### DESCRIPTION OF THE TASK
Give the listing back in full, exactly as written, with the pictures removed.
GIVEN MATERIAL: Begin
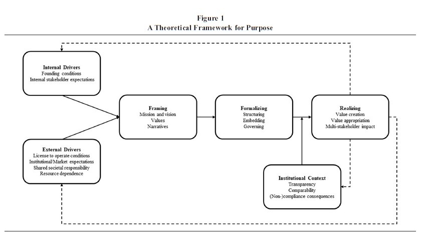 Purpose is a concept often used in managerial communities to signal and define a firm’s benevolent and pluralistic approach to its stakeholders beyond its focus on shareholders. While some evidence has linked purpose to positive organizational outcomes such as growth, employee satisfaction, innovation, and superior stock market performance, the definition and application of purpose in management research has been varied and frequently ambiguous. We review literature streams that invoke purpose in the for-profit firm and propose a unifying definition. Next, we develop a framework to study purpose that decouples its framing and formalization within firms from its realization, thus helping to avoid conflation of the presence of purpose with positive organizational outcomes. The framework also highlights internal and external drivers that shape the framing of purpose as well as the influence of the institutional context on its adoption and effectiveness. Finally, we provide a rich agenda for future research on purpose.
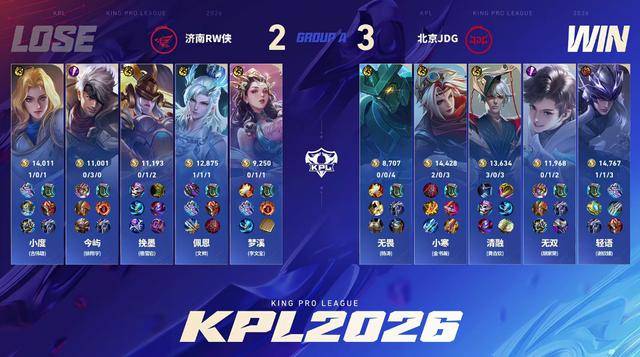 双方打到后期经济基本持平,无双拿到龙之后,JDG全员追击。镜换位之后大招直接锁到残血戈娅完成收割,回头刚好击杀不知火舞,橘右京复活站起来之后,无双配合轻语守尸,拿了一波三杀,这局无双也成功拿到了MVP。
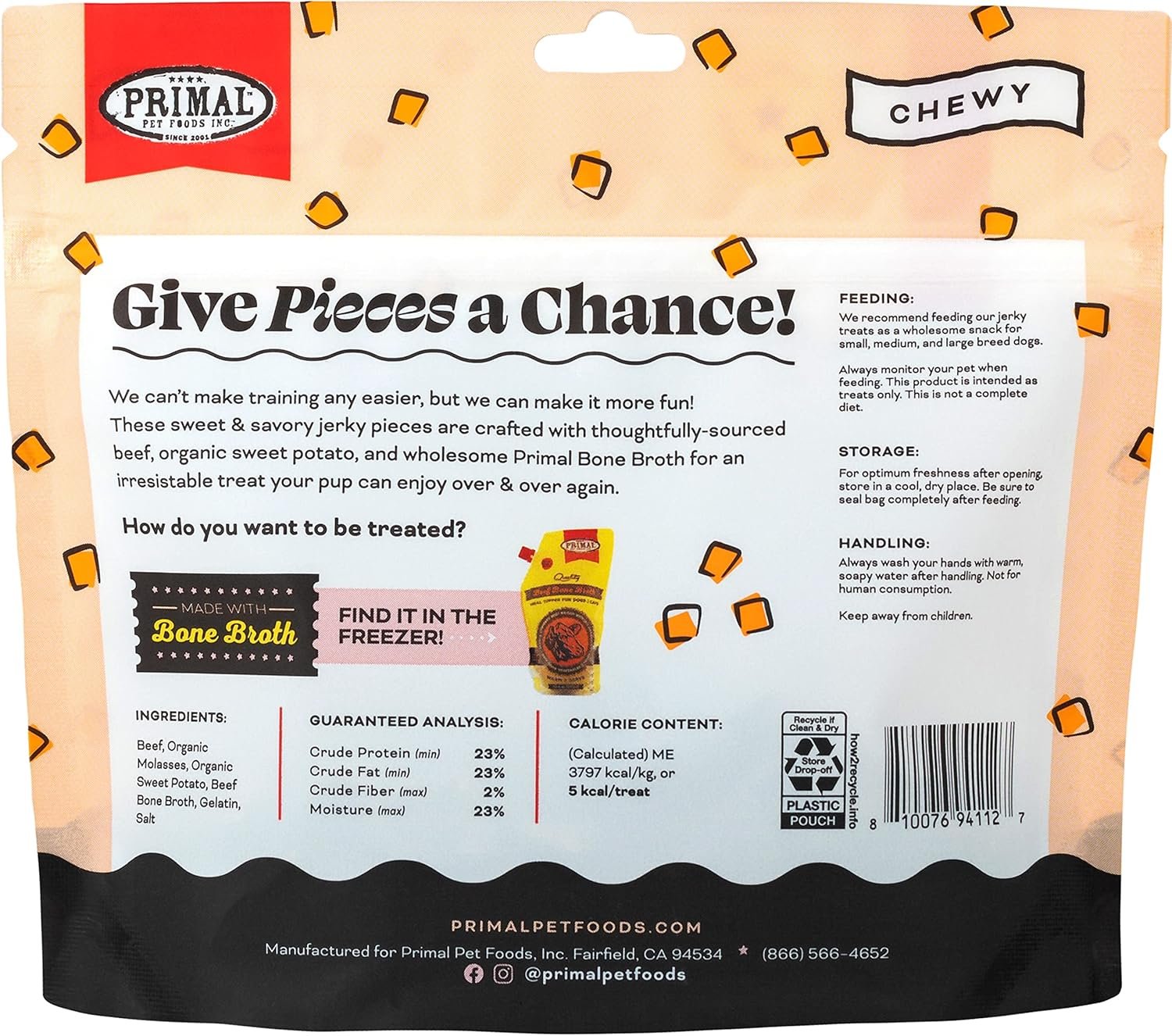Irresistible flavor dogs love. Our beef dog treats are made with real Primal Bone Broth and organic sweet potato for dogs
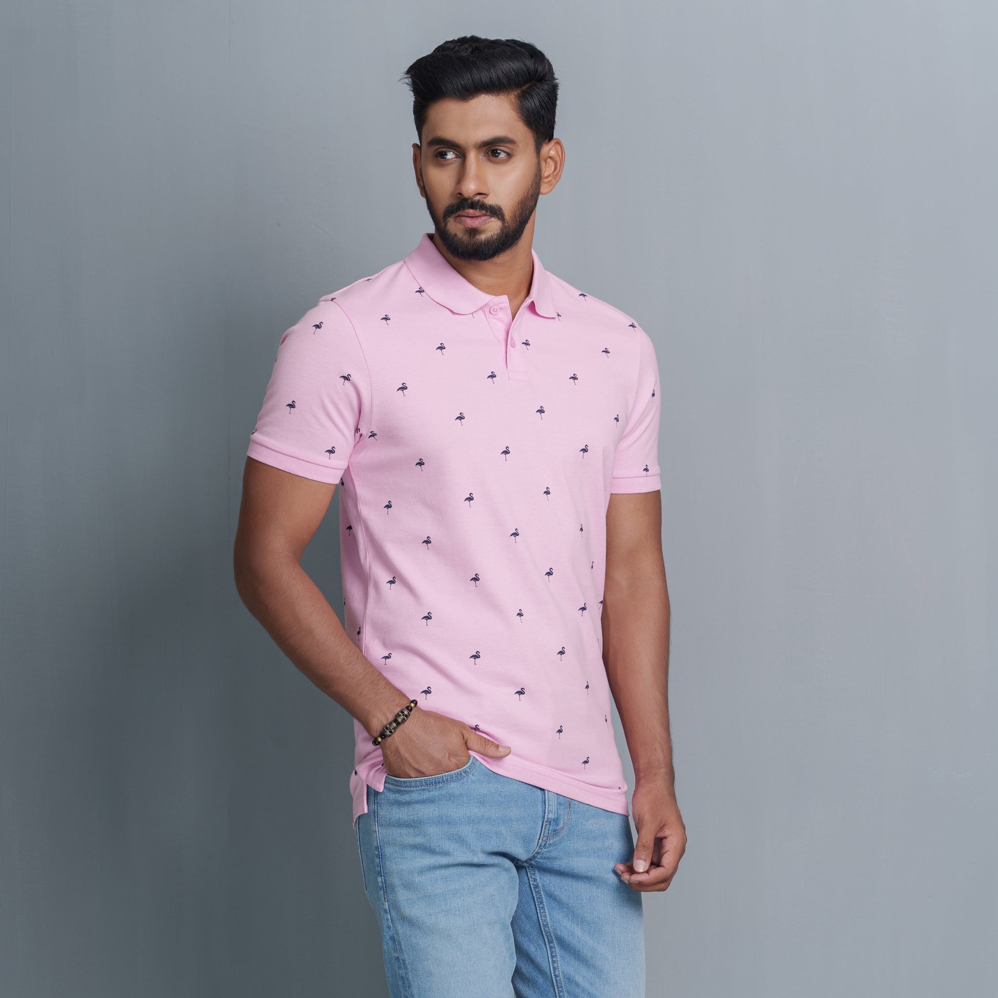 Elevate your casual style with this soft printed polo. Crafted from 100% cotton pique, it features a slim fit for a modern look. The light pink shade adds a fresh touch, while the DTM button detail enhances its design. Perfect for a relaxed yet stylish appearance.
GIVEN MATERIAL: End
### RESULT OF THIS EXERCISE
 Purpose is a concept often used in managerial communities to signal and define a firm’s benevolent and pluralistic approach to its stakeholders beyond its focus on shareholders. While some evidence has linked purpose to positive organizational outcomes such as growth, employee satisfaction, innovation, and superior stock market performance, the definition and application of purpose in management research has been varied and frequently ambiguous. We review literature streams that invoke purpose in the for-profit firm and propose a unifying definition. Next, we develop a framework to study purpose that decouples its framing and formalization within firms from its realization, thus helping to avoid conflation of the presence of purpose with positive organizational outcomes. The framework also highlights internal and external drivers that shape the framing of purpose as well as the influence of the institutional context on its adoption and effectiveness. Finally, we provide a rich agenda for future research on purpose.
 双方打到后期经济基本持平,无双拿到龙之后,JDG全员追击。镜换位之后大招直接锁到残血戈娅完成收割,回头刚好击杀不知火舞,橘右京复活站起来之后,无双配合轻语守尸,拿了一波三杀,这局无双也成功拿到了MVP。
Irresistible flavor dogs love. Our beef dog treats are made with real Primal Bone Broth and organic sweet potato for dogs
 Elevate your casual style with this soft printed polo. Crafted from 100% cotton pique, it features a slim fit for a modern look. The light pink shade adds a fresh touch, while the DTM button detail enhances its design. Perfect for a relaxed yet stylish appearance.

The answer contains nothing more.